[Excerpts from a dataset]

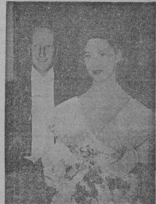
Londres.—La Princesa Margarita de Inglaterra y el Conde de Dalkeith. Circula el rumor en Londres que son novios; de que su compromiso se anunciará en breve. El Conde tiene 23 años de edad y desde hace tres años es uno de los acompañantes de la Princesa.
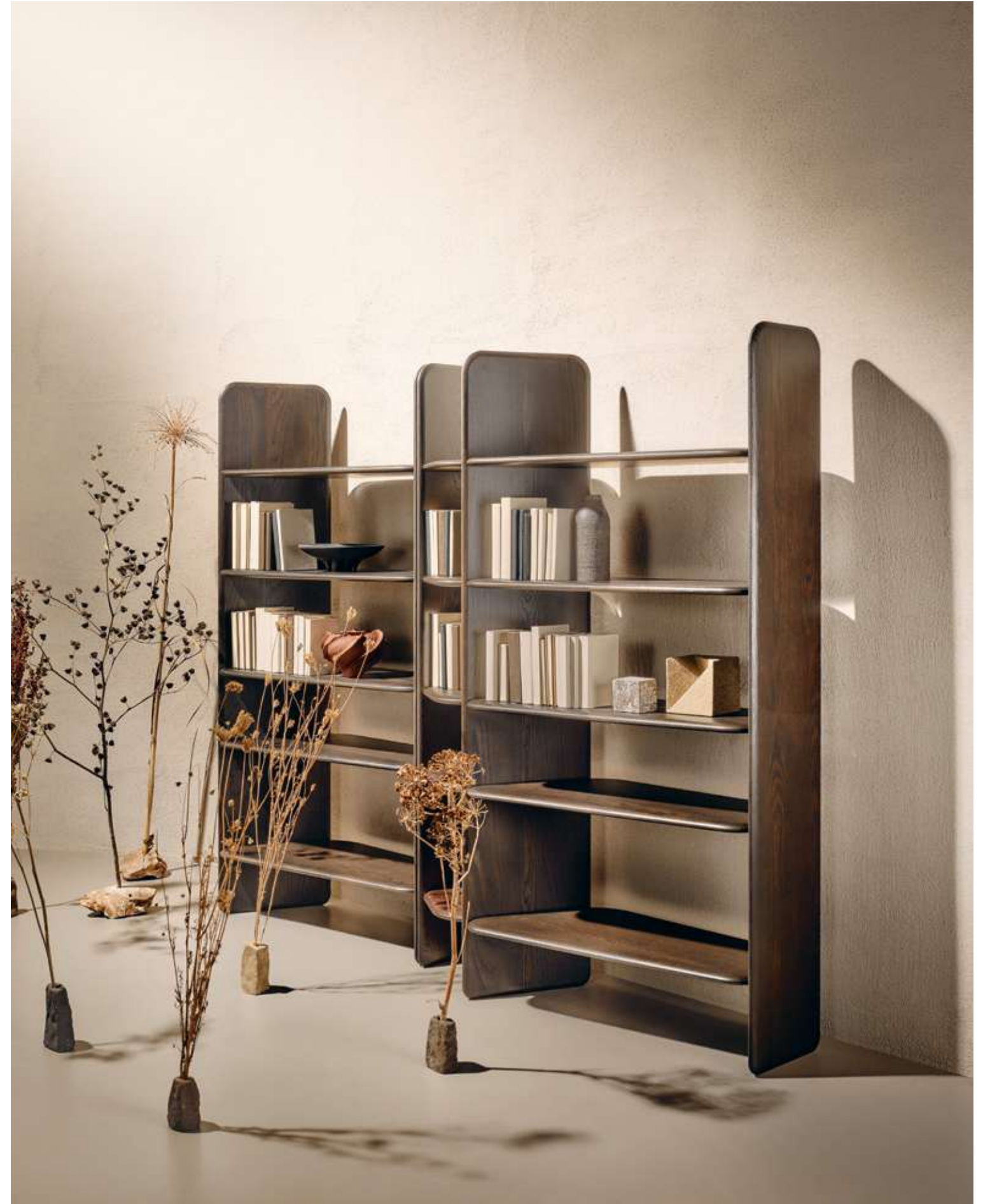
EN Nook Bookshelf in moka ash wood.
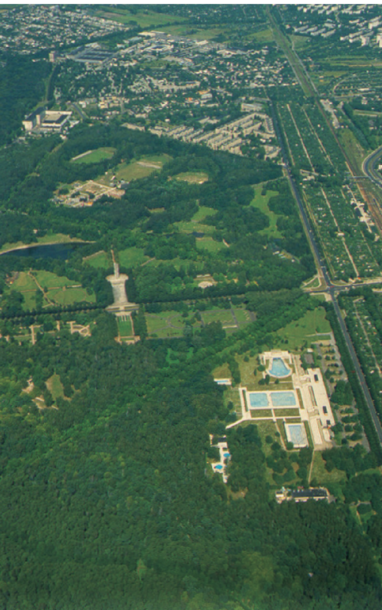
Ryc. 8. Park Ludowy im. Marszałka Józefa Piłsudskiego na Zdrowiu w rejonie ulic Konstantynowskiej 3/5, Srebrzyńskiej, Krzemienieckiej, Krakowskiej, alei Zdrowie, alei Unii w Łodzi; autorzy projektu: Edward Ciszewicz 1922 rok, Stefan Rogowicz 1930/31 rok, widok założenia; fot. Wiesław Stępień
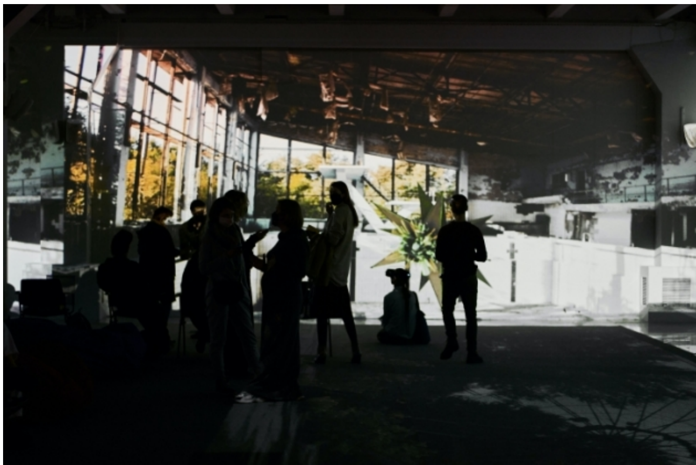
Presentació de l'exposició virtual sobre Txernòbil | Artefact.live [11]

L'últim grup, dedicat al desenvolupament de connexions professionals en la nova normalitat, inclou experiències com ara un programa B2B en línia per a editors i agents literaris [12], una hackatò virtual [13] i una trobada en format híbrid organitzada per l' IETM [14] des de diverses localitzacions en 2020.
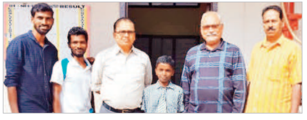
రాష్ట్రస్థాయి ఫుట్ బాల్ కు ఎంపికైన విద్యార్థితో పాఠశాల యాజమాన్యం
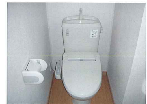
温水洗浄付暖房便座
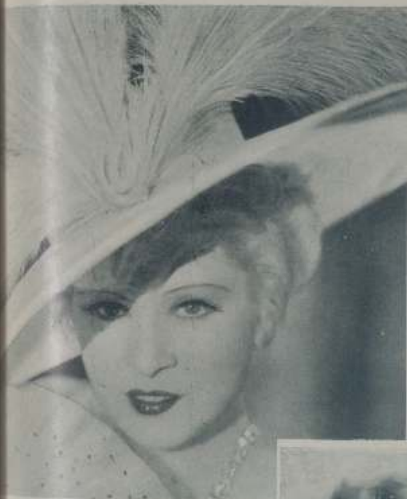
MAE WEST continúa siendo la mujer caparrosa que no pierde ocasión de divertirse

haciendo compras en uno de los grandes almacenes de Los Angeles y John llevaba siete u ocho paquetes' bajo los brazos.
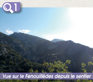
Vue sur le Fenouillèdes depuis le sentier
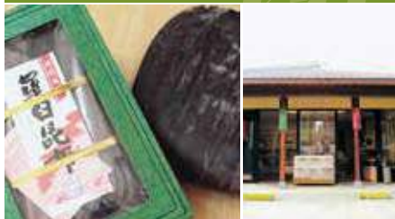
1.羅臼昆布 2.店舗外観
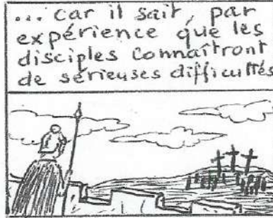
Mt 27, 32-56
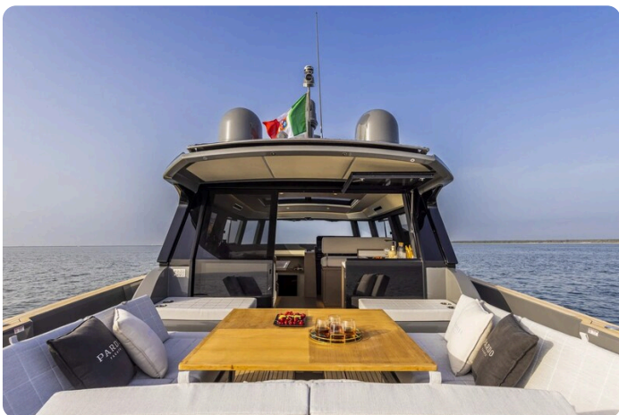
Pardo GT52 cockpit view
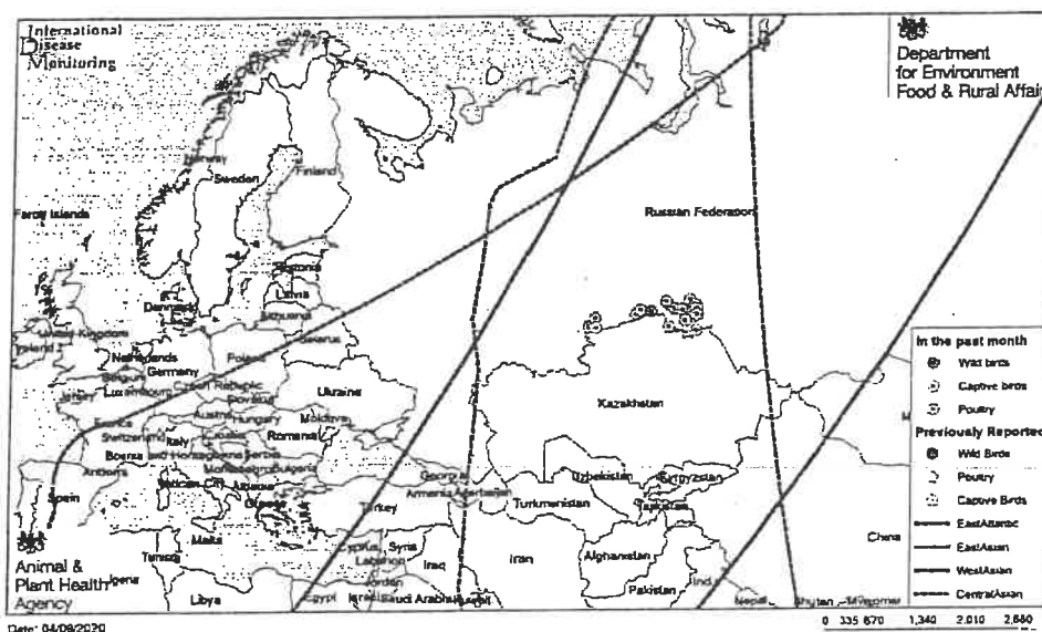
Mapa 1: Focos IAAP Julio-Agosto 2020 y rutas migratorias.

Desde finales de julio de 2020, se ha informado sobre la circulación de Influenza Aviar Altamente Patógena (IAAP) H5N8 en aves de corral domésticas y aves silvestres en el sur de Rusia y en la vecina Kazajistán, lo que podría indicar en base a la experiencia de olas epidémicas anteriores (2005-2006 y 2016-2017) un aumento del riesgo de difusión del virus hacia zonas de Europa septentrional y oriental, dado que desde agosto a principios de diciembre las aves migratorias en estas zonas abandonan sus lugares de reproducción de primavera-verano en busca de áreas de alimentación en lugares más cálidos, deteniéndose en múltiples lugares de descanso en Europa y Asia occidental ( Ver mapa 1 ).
...
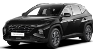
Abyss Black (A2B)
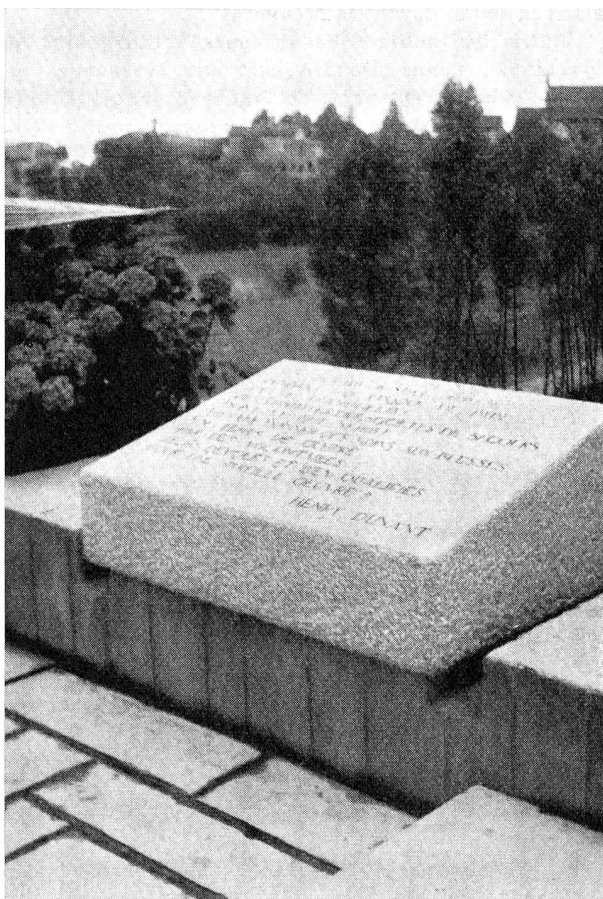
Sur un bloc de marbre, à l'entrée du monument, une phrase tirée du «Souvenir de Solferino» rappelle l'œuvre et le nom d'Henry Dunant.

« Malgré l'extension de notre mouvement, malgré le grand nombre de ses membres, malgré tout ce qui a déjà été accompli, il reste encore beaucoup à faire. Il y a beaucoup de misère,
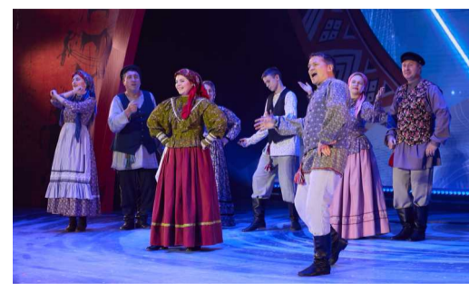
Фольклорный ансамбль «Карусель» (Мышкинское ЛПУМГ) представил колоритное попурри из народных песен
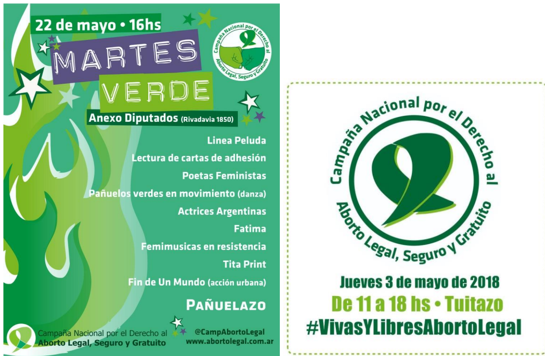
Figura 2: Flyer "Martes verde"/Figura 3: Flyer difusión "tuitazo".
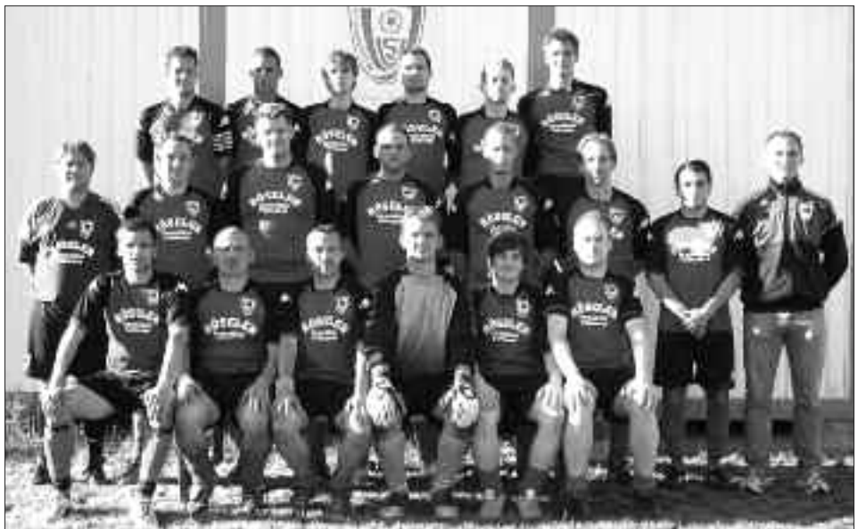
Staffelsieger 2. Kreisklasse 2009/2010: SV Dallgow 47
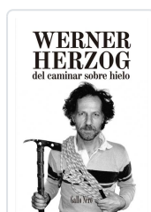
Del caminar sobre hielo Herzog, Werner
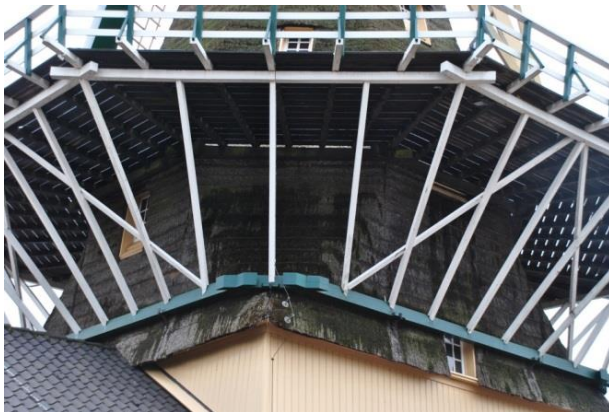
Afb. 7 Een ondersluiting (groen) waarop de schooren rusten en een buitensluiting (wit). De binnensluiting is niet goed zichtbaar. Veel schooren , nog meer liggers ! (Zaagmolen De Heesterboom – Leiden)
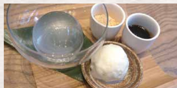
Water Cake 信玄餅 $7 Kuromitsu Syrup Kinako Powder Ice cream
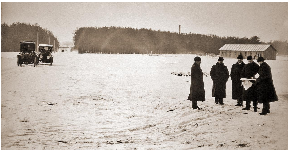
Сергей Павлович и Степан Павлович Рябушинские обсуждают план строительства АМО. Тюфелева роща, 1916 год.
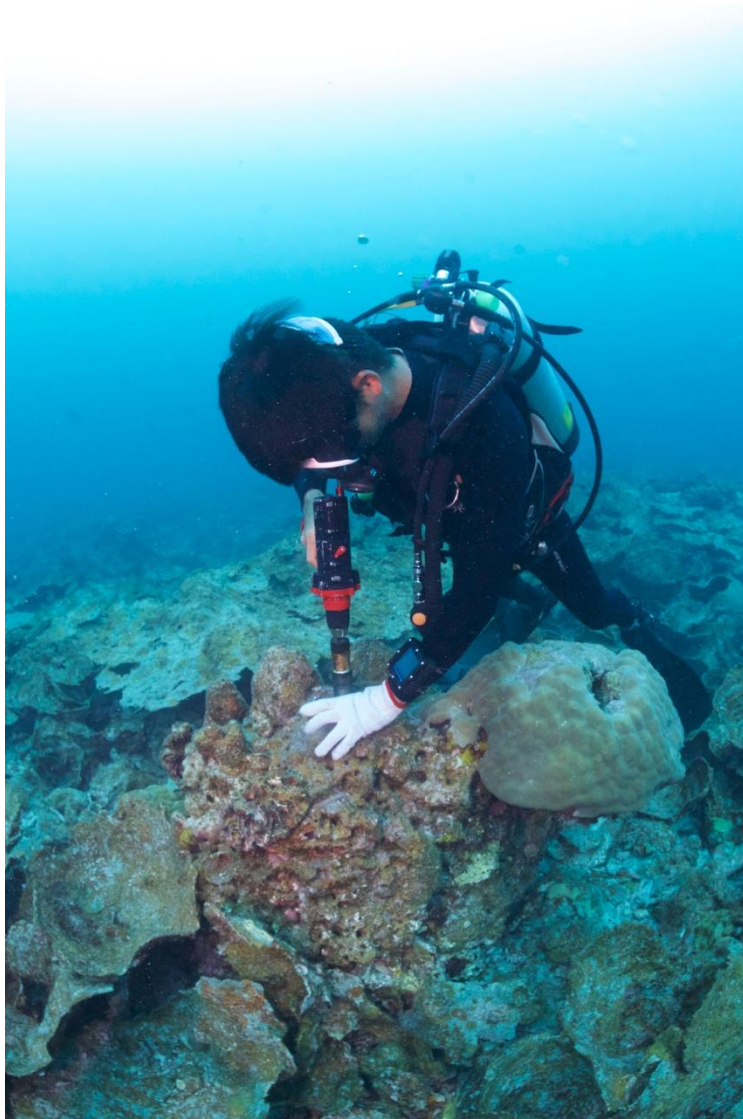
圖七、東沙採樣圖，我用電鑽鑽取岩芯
...
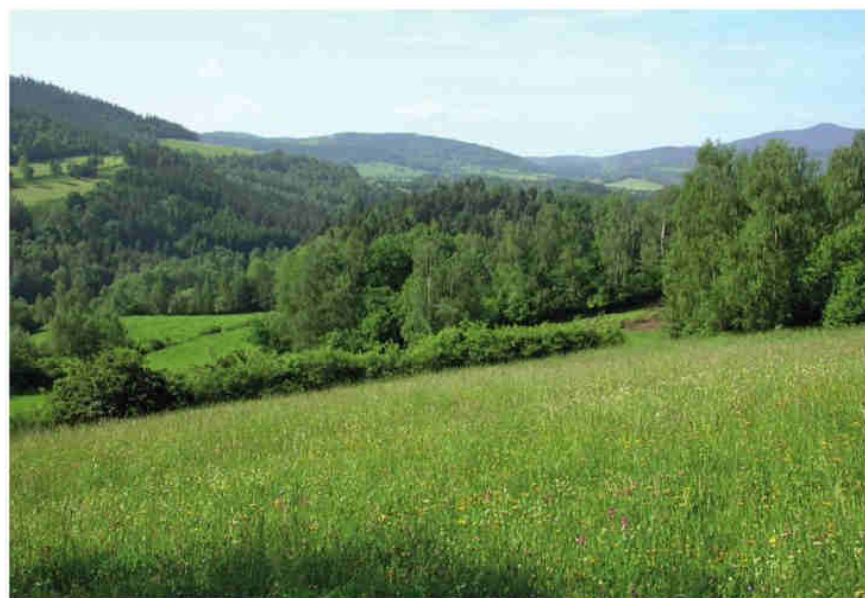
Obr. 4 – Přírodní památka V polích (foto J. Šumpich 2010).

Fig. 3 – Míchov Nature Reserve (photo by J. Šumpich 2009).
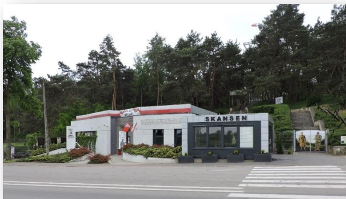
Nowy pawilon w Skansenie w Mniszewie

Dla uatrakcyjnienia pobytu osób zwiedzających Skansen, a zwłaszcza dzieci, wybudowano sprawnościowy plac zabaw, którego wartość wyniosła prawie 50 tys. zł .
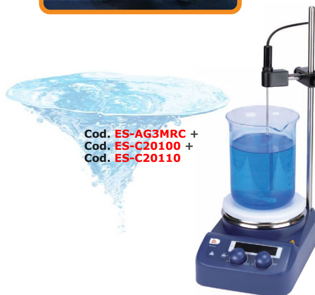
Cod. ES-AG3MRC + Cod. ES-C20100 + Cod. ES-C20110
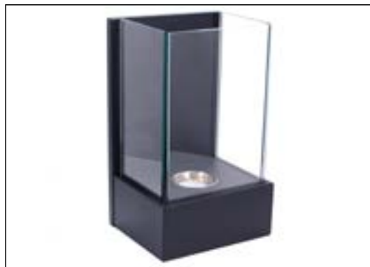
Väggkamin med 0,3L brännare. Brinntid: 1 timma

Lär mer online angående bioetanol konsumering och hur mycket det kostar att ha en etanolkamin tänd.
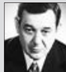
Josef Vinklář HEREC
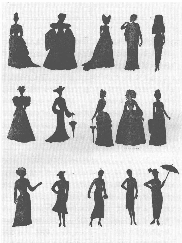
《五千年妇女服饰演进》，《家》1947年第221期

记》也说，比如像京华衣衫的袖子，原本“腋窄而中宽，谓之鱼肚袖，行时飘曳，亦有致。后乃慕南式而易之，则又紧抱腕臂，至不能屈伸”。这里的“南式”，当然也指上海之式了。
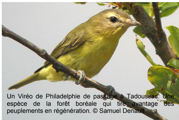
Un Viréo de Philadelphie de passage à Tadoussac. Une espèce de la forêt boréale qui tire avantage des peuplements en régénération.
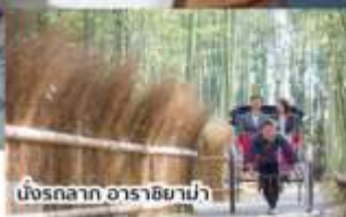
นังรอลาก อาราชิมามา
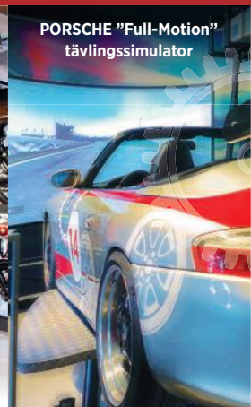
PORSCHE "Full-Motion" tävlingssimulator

-- DIRECTIONS FOR THIS TASK --
Look above for the line with "Vue sur le Fenouillèdes depuis le sentier" and the line with "Mapa 1: Focos", then copy exactly the lines from the first through the second, both kept, with no pictures.

-- WRITTEN REPLY --
Vue sur le Fenouillèdes depuis le sentier
1.羅臼昆布 2.店舗外観
Mt 27, 32-56
Pardo GT52 cockpit view
Mapa 1: Focos IAAP Julio-Agosto 2020 y rutas migratorias.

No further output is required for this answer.